Although her equestrian performances didn’t immediately release her from the register, they helped Céleste to ascend into the demimonde among the male aristocrats, artists, musicians, politicians, and writers who played at love with courtesans of the city. In her memoirs, she is clear-eyed, observing that “le vice élégant est toujours le vice.” She witheringly assesses these men—their characters, their looks—whose whims could ruin or transform her life. She is the cat gazing coolly at those who think themselves kings—and she gradually banked enough to build her own house in the country. She appreciated their education and wit as well, and endeavored to learn from them.

One day, the saddle of Céleste’s nervous chestnut mare slipped midrace, and Céleste had to throw herself clear, landing at the base of a hurdle in time for the rest of the field to leap over her. The mare had struck her ankle as she fled. Céleste wrote of this time, “The talk was only of our courage. We battled on with a truly frightening foolhardiness. The spectators often cried, ‘Enough! Enough!’ We were unbelievably lucky—there were always accidents where we could have died and we just escaped with bruises instead. I could have broken my head or ribs.” She asked for her horse, remounted, and took her applause. Afterward, “I rested eight days on my sofa and then I started again, keener than ever.”

The newspapers called her a lionne, a lioness—the category reserved for the most ruthlessly sporting women riders and, later, for courtesans. As the humorist Albert Cler put it, lionnes “become famous by taking part in races, challenges, wagers … The only perceptible difference between them and the sportsmen lies in mustaches.” Céleste put in a request at the police prefecture to be removed from the “infernal book.” The police responded that if the Hippodrome closed (something it was in no danger of doing), she would no longer have a job. She wept.

That autumn marked the end of the season at the Hippodrome. The rain had turned the dirt of the arena to clay and then mud, with puddles at the turns. Pomaré had come to watch. Céleste was heedless, wanting to win no matter what, beat the other women, and hear the crowd.

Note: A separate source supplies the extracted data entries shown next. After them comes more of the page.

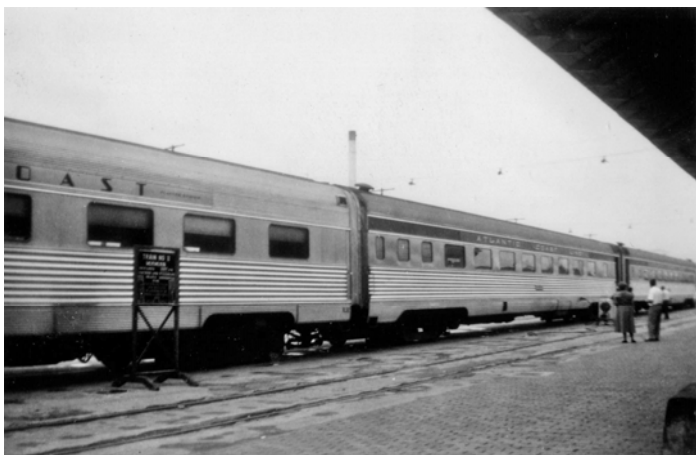
ACL's all Pullman Miamian , train 8, was at FEC's Miami depot in 1941, preparing for its departure to New York City. FEC and ACL cars can be seen mixed in the consist. FEC, RF&P and PRR contributed cars to the consist in proportion to their main line miles of the total trip.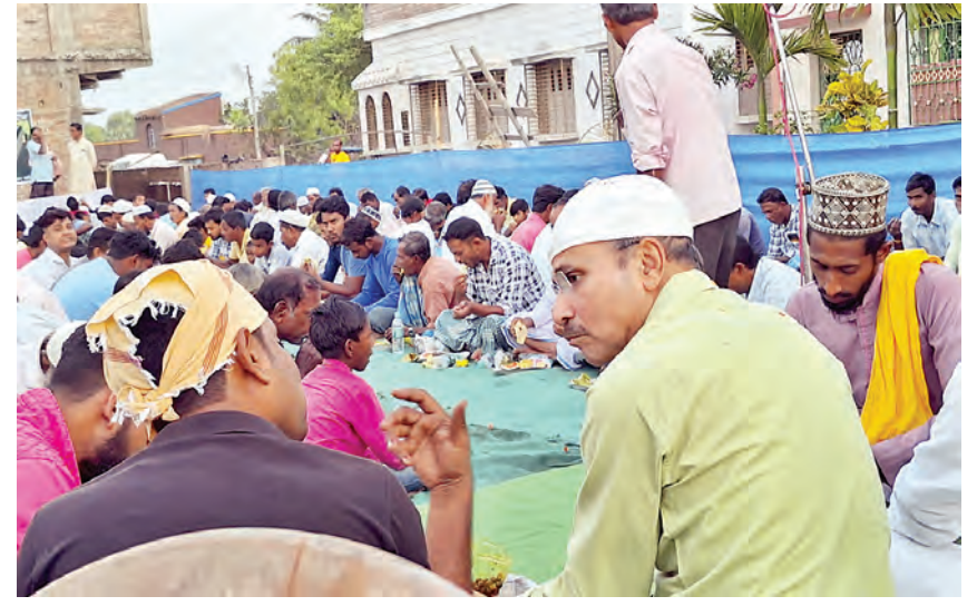
Congress leader Adhir Ranjan Chowdhury with Muslim devotees at 'Dawat-e-iftar' during the holy month of Ramzan, at Rangamati Chandpara village in Murshidabad district, Monday.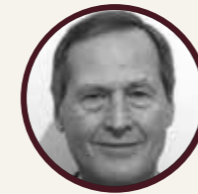
Secretary Lord Alan Howarth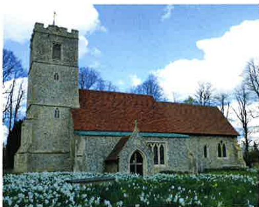
All Saints Church, Rickling, 2015

As long standing institutions within our community, the questions in this section sought residents' views on the Church and local schools. 73% of respondents value the part the Church plays in village life, a further 64% being aware of the role of the Friends of Rickling & Quendon Churches. Rickling School is also a valued part of our community with 97% of the respondents confirming this.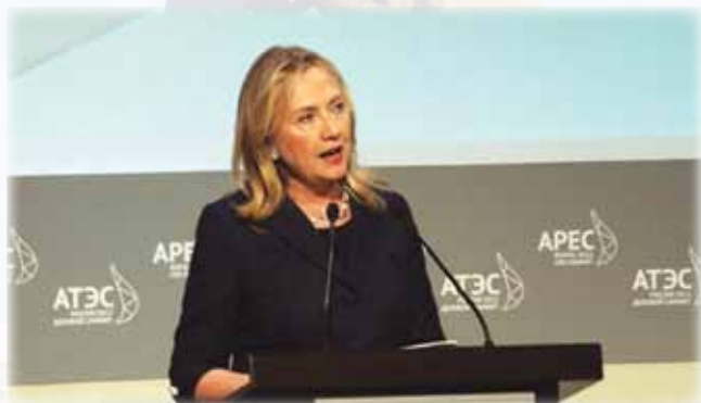
H.E. Hillary Rodham Clinton, U.S. Secretary of State addressing the APEC CEO Summit 2012.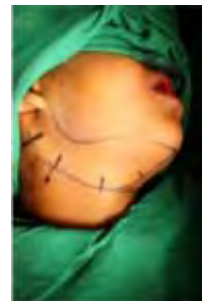
FIGURE 6 showing initial marking of incision which was later on extended for lip-split

FIGURES 4 & 5 showing the CT & CBCT that show the erosion of the ramus of mandible extending upto the sigmoid notch, condyle and coronoid process

At the first turn, they heard cries when a horse fell. Céleste was second, blocked behind her rival Coralie. Coralie’s horse took a false step; she urged it on but lost half a second. The two horsewomen drew level and tied, to the crowd’s delight. The manager called for a runoff—a duel between the two. This time, as the women urged on their horses, the clay at the first turn claimed them, and both horses fell.  Coralie went in headfirst. Céleste sprawled in the mud. She forgot to ask Coralie if she was injured and started to laugh. They both wanted to start again but were told to stop, and came back covered in mud and glory, with bouquets.

Céleste’s memoirs are full of accounts both of friendships (some of which were clearly romantic if not sexual) and of rivalries with fellow courtesans and lorettes, all scrabbling at the same cliff face. A jealous woman wrote poison-pen letters to one of Céleste’s lovers, saying that even Mogador’s horse did not respect her. Céleste lent another shawls and got her a job at the Hippodrome only to realize she was “a serpent I warmed in my own cashmeres” (Céleste has an exquisite turn of phrase). She paid to support the child of one maid who died of cholera, and helped Lise out when she could. Other women in the race fell by the wayside: consumption, debt, childbirth. Céleste relates her attempts to take her own life, and, from her new vantage point in the demimonde, the realization that she was not yet safe: “I collapsed into depression. I could see the young women whose lives I’d envied rising and falling all around me … Debt and misery lay in wait for them behind the lace curtains. The elderly had nothing. The young had fine wardrobes for now, but if they died, there wasn’t so much as a scrap of linen to bury them in.”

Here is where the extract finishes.